Ferdinand Cheval photo via Bonkersclutterbucks.com

As a postal carrier in southern France, Joseph Ferdinand Cheval could only dream of owning a mansion. Cheval would spend his free time looking at pictures and reading books about palaces and castles.

In his postal duties Cheval would pass by a magnificent castle-like home, admiring it every day. But what sparked his imagination and lead to taking action was an accident.

The Dream

As Cheval tells it:

I was walking very fast when my foot caught on something that sent me stumbling a few metres away, I wanted to know the cause. In a dream I had built a palace, a castle or caves, I cannot express it well… I told no one about it for fear of being ridiculed and I felt ridiculous myself.

Then fifteen years later, when I had almost forgotten my dream, when I wasn’t thinking of it at all, my foot reminded me of it. My foot tripped on a stone that almost made me fall. I wanted to know what it was… It was a stone of such a strange shape that I put it in my pocket to admire it at my ease. The next day, I went back to the same place. I found more stones, even more beautiful, I gathered them together on the spot and was overcome with delight…

It’s a sandstone shaped by water and hardened by the power of time. It becomes as hard as pebbles. It represents a sculpture so strange that it is impossible for man to imitate, it represents any kind of animal, any kind of caricature. I said to myself: since Nature is willing to do the sculpture, I will do the masonry and the architecture.

Cheval owned a small white house on about a quarter acre of land In the town of Hauterives. In 1879 at the age of 43, Cheval decided to make his dream a reality and build his Le Palais Idéal or Ideal Palace on his land.

Without architectural training or engineering experience and with a meager salary, Cheval began fulfilling his fantasy.

Le Palais Idéal

Every day after his postal duties were done Cheval would gather up colorful stones and sea shells he found along the road.

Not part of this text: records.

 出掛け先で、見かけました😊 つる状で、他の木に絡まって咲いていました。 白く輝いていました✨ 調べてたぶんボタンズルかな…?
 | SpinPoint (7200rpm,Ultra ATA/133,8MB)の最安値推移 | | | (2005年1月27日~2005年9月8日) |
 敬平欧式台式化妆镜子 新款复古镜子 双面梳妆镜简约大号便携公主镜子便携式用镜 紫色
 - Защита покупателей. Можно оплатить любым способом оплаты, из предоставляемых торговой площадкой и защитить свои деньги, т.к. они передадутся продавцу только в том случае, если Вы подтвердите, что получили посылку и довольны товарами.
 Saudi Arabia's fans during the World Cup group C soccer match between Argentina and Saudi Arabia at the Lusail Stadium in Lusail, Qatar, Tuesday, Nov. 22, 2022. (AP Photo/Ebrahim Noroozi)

His favorite spot was along the river where he found brilliant red stones. At first he would stuff his finds into his pockets. As the hauls grew larger, Cheval, using a wheelbarrow carted what he found back home, many times traveling six or more miles.

Le Palais Idéal 1905

Any extra franc that Cheval saved went towards cement, lime and mortar. Acting as his own laborer, carter, mason and architect, Cheval spent most of his free time building his palace. Cheval said, “All my ideas come to me in dreams, and these strange dreams kept me continual at work.”

Over 26 years later in 1905, Cheval thought after finishing the east facade, that the palace was complete. The structure took 65,000 hours of labor over the course of 9,000 days. Cheval reported he spent the equivalent of about $1,000 USD towards the palace’s construction.

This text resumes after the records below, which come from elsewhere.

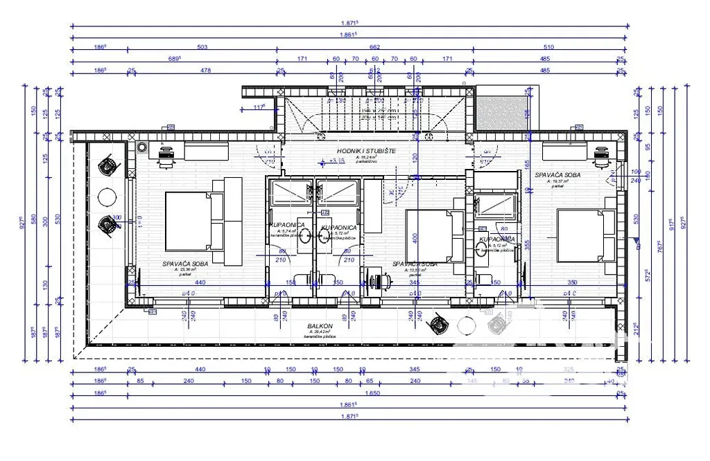 V přízemí se nachází vstupní hala s krytým průchodem, jedna ložnice s vlastní koupelnou, samostatná toaleta pro hosty a otevřený obytný prostor propojující kuchyni, jídelnu a obývací pokoj. Tento prostor plynule navazuje na částečně krytou terasu a zahradu, která vytváří ideální prostředí pro relax i společenské chvíle. V patře jsou umístěny tři prostorné ložnice, každá s vlastní koupelnou a přímým vstupem na balkon, což zajišťuje maximální komfort i soukromí pro všechny obyvatele domu.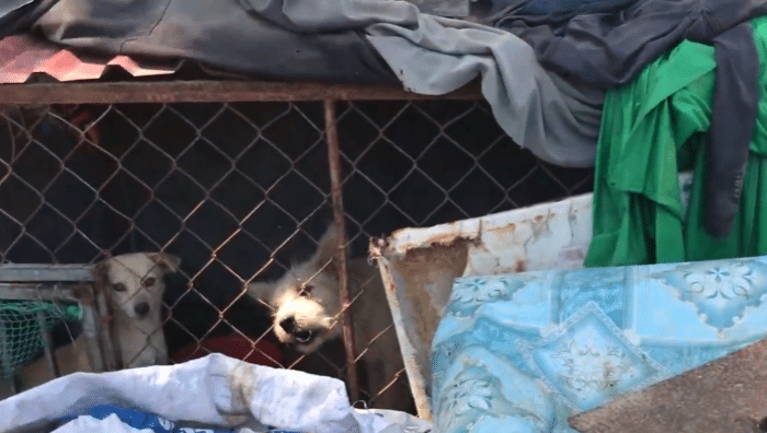 When the rescue team arrived, they found rows of old metal cages pressed tightly together in a yard cluttered with debris. The air felt heavy. The ground was damp and littered with refuse.
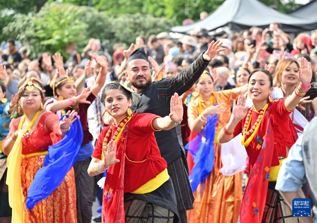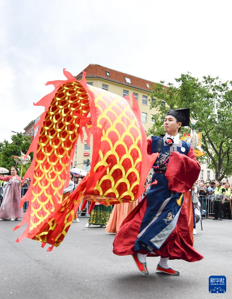 5月19日,来自中国的演员参加柏林文化狂欢节大游行。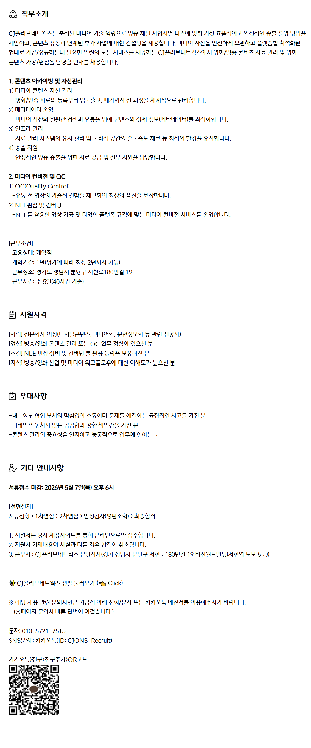 CJ¿Ã¸®ºê³×Æ®¿÷½º´Â ÃàÀûµÈ ¹Ìµð¾î ±â¼ú ¿ª·®À¸·Î ¹æ¼Û ä³Î »ç¾÷ÀÚº° ´ÏÁî¿¡ ¸ÂÃç °¡Àå È¿À²ÀûÀÌ°í ¾ÈÁ¤ÀûÀÎ ¼ÛÃ⠿ ¹æ¹ýÀ» Á¦¾ÈÇϰí, ÄÜÅÙÃ÷ À¯Åë°ú ¿¬°èµÈ ºÎ°¡ »ç¾÷¿¡ ´ëÇÑ ÄÁ¼³ÆÃÀ» Á¦°øÇÕ´Ï´Ù. ¹Ìµð¾î ÀÚ»êÀ» ¾ÈÀüÇÏ°Ô º¸°üÇϰí Ç÷§Æûº° ÃÖÀûÈµÈ ÇüÅ·Π°¡°ø/À¯ÅëÇϴµ¥ ÇÊ¿äÇÑ ÀÏ·ÃÀÇ ¸ðµç ¼ºñ½º¸¦ Á¦°øÇÏ´Â CJ¿Ã¸®ºê³×Æ®¿÷½º¿¡¼ ¿µÈ/¹æ¼Û ÄÜÅÙÃ÷ ÀÚ·á °ü¸® ¹× ¿µÈ ÄÜÅÙÃ÷ °¡°ø/ÆíÁýÀ» ´ã´çÇÒ ÀÎÀ縦 ä¿ëÇÕ´Ï´Ù.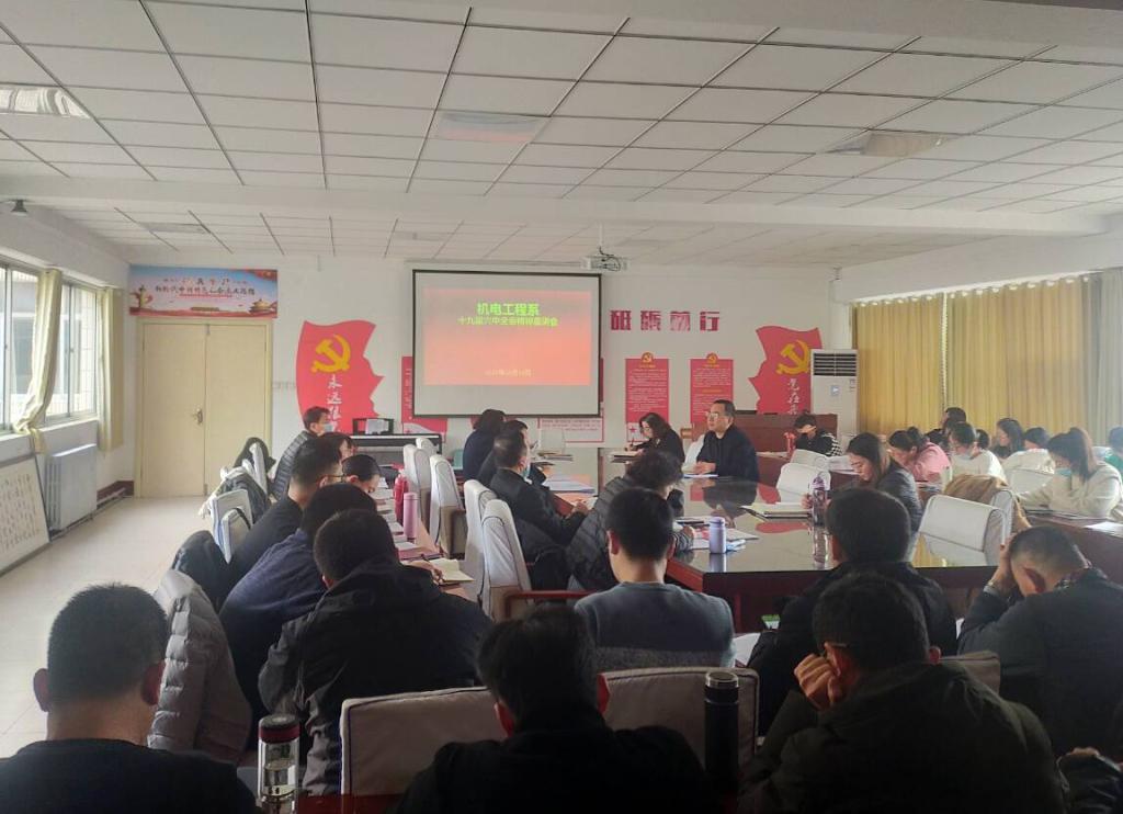 12月16日,机电工程系在1号教学楼四楼会议室开展党总支书记讲党课暨十九届六中全会精神学习交流活动,全体教职工参加。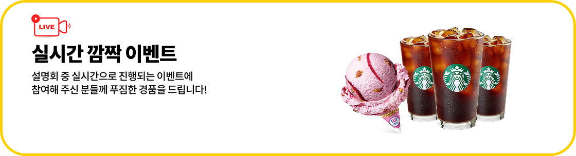 경품 추첨 결과는 별도 공지되지 않으며, 당첨자에게 회원정보에 기재된 휴대폰 번호 또는 설명회 방송 진행 시 입력한 휴대폰 번호로 모바일 쿠폰이 전송됩니다. (이벤트 종료 후 3주일 이내로 발송)

Le Palais Ideal photo via trip advisor.com user sugarmountain2016

Unfinished

But it was not complete. For the next seven years Cheval proceeded to build a west facade and construct a corridor connecting the two facades, bringing the total amount of work to more than 10,000 days.

The architectural style is a bit of everything incorporating Roman pillars, mosque and Christian symbolism, a bit of Swiss chalet, Algerian, Egyptian, Oriental, and Hindu influence. There’s even a tower resembling a feudal castle. There are ornamental windows, arches and doorways throughout.

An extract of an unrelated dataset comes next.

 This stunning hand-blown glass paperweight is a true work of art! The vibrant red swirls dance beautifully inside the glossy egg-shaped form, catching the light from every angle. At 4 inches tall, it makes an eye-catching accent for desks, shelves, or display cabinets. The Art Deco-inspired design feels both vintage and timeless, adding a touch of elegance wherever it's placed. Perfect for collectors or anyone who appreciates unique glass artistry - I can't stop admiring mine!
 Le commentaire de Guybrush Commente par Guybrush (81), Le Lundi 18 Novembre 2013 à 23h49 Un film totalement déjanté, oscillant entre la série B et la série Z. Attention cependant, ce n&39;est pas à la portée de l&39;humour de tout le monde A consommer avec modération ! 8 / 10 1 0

Measuring 85 feet by 45 feet at one end and 33 feet at the other, and with an average height of 25 feet and topping out at 45 feet, the palace is stunning. There are hand-carvings of quotes that Cheval put throughout the palace such as, “If you look for gold you will find it in elbow grease.”

Cheval did not live in Le Palais Idéal, but in his house directly behind it. He told a reporter from Strand Magzine in 1906, “It was not my original intention to make the palace a dwelling place for myself.  I only wished to show what might be accomplished by hard work and perserverance.”

Le Palais Idéal became a tourist attraction while Cheval was still alive. On average between 50 to 100 people would visit per day and sign a guest book.

A Video of Le Palais idéal

 

Cheval proudly told a Washington Post reporter in 1912, “I have bullt my own tomb in the center of the building. And the sarcophagus is considered perhaps the most remarkable feature of the entire work.  It is elaborately carved.”

Cheval mausoleum photo via Tripadvsor.com user zuzu04

Cheval mausoleum photo via Tripadvsor.com user diavic80

But French law forbid his entombment within the palace.

So, Cheval then spent eight more years constructing a tomb in the local cemetery for him and his wife. Ferdinand Cheval died on August 19, 1924 at the age of 88 and was interred with his second wife Claire-Philomène Richaud (1838-1914) in the mausoleum of his own making.

 

Made a French Cultural Landmark in 1969, Le Palais Idéal remains a whimsical and joyous site today.